More innovative forms of design competitions can be found with some in-depth research.5 Several experiences in fact could be cited that show how idea competitions are taking on a different role. They may be open to different experts or non-experts, in particular local residents. They can ask about physical transformation, but they might require simple ideas rather than complex technical products and can be developed not only by public administrations and cities in particular but by social foundations – NGOs, for example, as well as by private subjects. They might promise very small monetary prizes but nevertheless aim at promoting high public visibility. They might foster public imagination or social activation and empowerment, or they might think about a specific site, but more interestingly, they might question a broader context. In this respect, we are now experiencing the emergence of a new role for urban design competitions, transforming the more common requests for qualifications into open idea competitions, which has to do with some of the planning problems that we cited in the first section (see, in this regard, the history of IBA, International Building Exhibitions in Germany, which turned from architectural exhibitions to broader occasions of reinventing the city).6

In the next paragraph, we will present two cases selected among others7 in order to better highlight the nature of this shift in the role and meaning of competitions: they will be analysed in a trading zone perspective in order to highlight the elements relevant to a general conclusion about planning in light of the trading zone approach.

3.4 Cases

3.4.1 ‘Grand Pari(s) de l’agglomeration parisienne’

3.4.1.1 The Process and the Context

In June 2007, celebrating the opening of the new air terminal in the Charles de Gaulle Airport, the President of the French Republic Nicolas Sarkozy reminded the public that ‘Paris est la seule agglomération de France a ne pas avoir de communauté urbaine’ (Paris is the only French urban agglomeration that does not have one “communautè urbaine). At the same time, Roger Karoutchi, state secretary, ‘chargé des relations avec le parlement’, announced the preparation of a law concerning the ‘organisation of the Paris region’ opening a dedicated website. Just a few months later in the same year, Sarkozy launched a ‘nouveau projet d’aménagement global de Grand Paris’ through an international consultation dedicated to the future of Paris.

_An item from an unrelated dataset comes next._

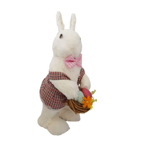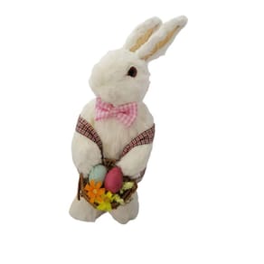 Coelha com 40cm de altura, estrutura de EPS e revestido com fios de algodão Torcidos na cor branca. As orelhas confeccionadas com fios de algodão torcidos na cor branca e parte interna com juta bege, o vestido xadrez com renda branca, ;a gravata borboleta xadrez rosa e a cesta em cipó natural com ovinhos e flores, ;são detalhes que dão um charme a parte e a deixa mais fofa e charmosa. Confeccionada com materiais PREMIUM e acabamento finíssimo, linda, perfeita! Ideal para usar sobre aparador, balcão, hall de entrada, mesa de escritório, vitrines de comércio ou onde sua imaginação te levar!

A two-phase invited competition was then organised, and multidisciplinary architect-coordinated teams were invited to reflect upon two topics: the future of the city and the upcoming challenges in light of the Kyoto protocol. On the basis of the slogan, ‘the project first and then governance’, the competition’s declared aim was to leave space to free imagination, leaving in the background the operative dimension and government and governance problems which had for a long time the city in facing problems and thinking about its future. In fact, no mention was made in the call about the problems of territorial governance of the Paris area. Despite the fact that the title itself contains the issue – ‘Grand Pari(s) de l’agglomeration parisienne’ – the call asked participants to concentrate essentially on the city’s future in a sustainable development perspective.

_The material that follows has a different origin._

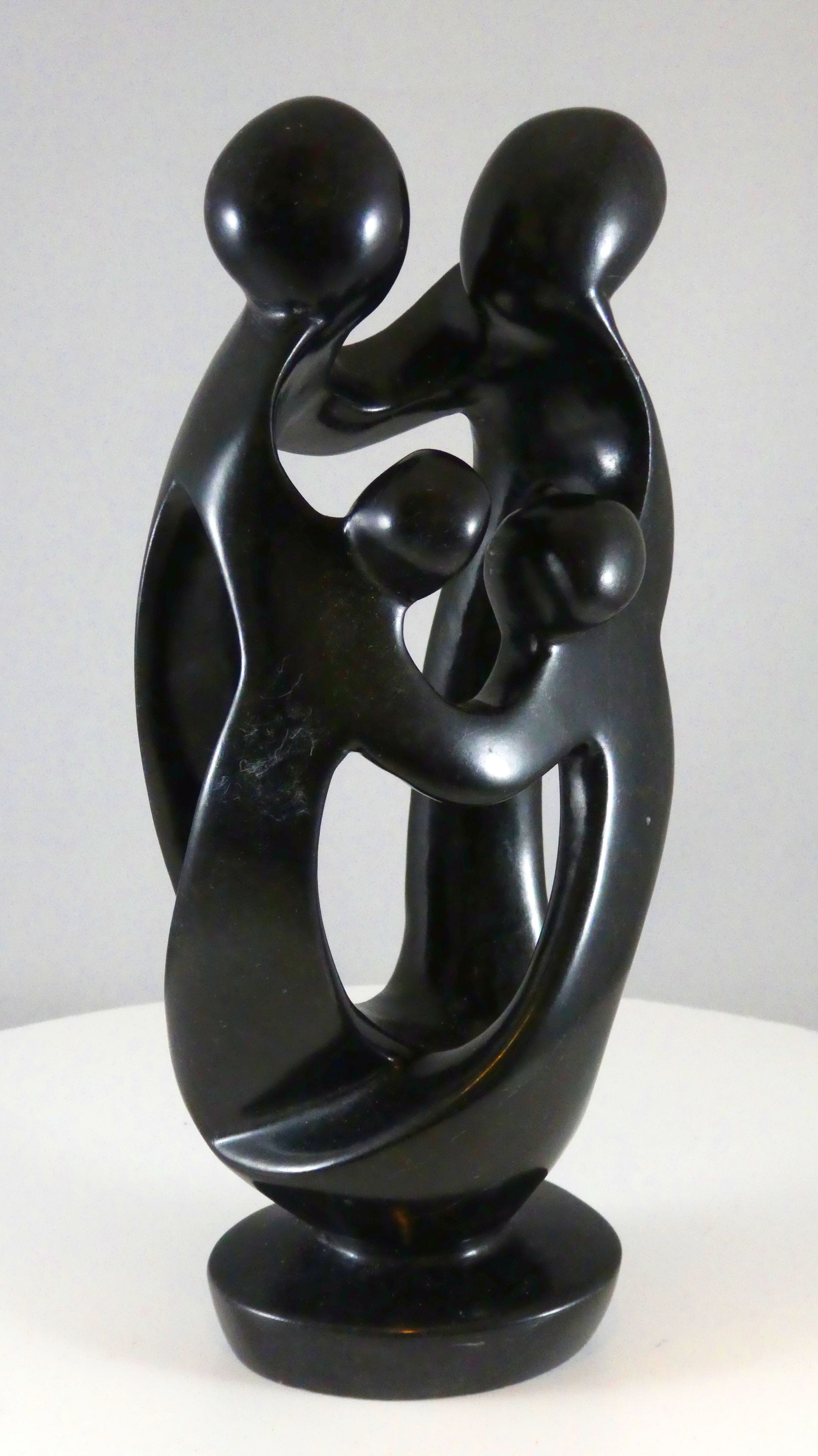 Stenen beeld, 4 personen, 21 cm hoog, familie, glad afgewerkt

Ten teams were asked to draw up further projects which were presented to the public in an exhibit held in March 2009 in the renewed Citè de l’Architecture. The event, followed by a lively debate, was a great public success both among citizens and experts. After this first phase, the new agenda called for a second one with teams working together within the common framework of the ‘Atelier International Du Grand Paris’ to design projects regarding different specific themes and selected sites. On the one hand, they were asked to produce new ideas; on the other hand, this second phase was to be dedicated to discuss these ideas in a public arena with a governance perspective, thus returning to the original intention of facing operative problems and public debate after the results of the consultation. At the same time, this new phase would proffer some new hypotheses regarding the role of planning: (1) ‘planning by objectives, rather than regulation’; (2) on the social role of architecture and its centrality in urban planning; and finally (3) an ‘appropriate government solution’ (see official documents).

This, in brief, is the history of a process that is still under way8 and that has also generated different results among which is not only a large public debate on the future of the city but legislative reform regarding local government in France approved in June 2010 together with a special law for Paris focusing on a regional-scale infrastructure project that was quite controversial. The Atelier International was established and on October 2011, a new event was held to celebrate 4 years of the initiative.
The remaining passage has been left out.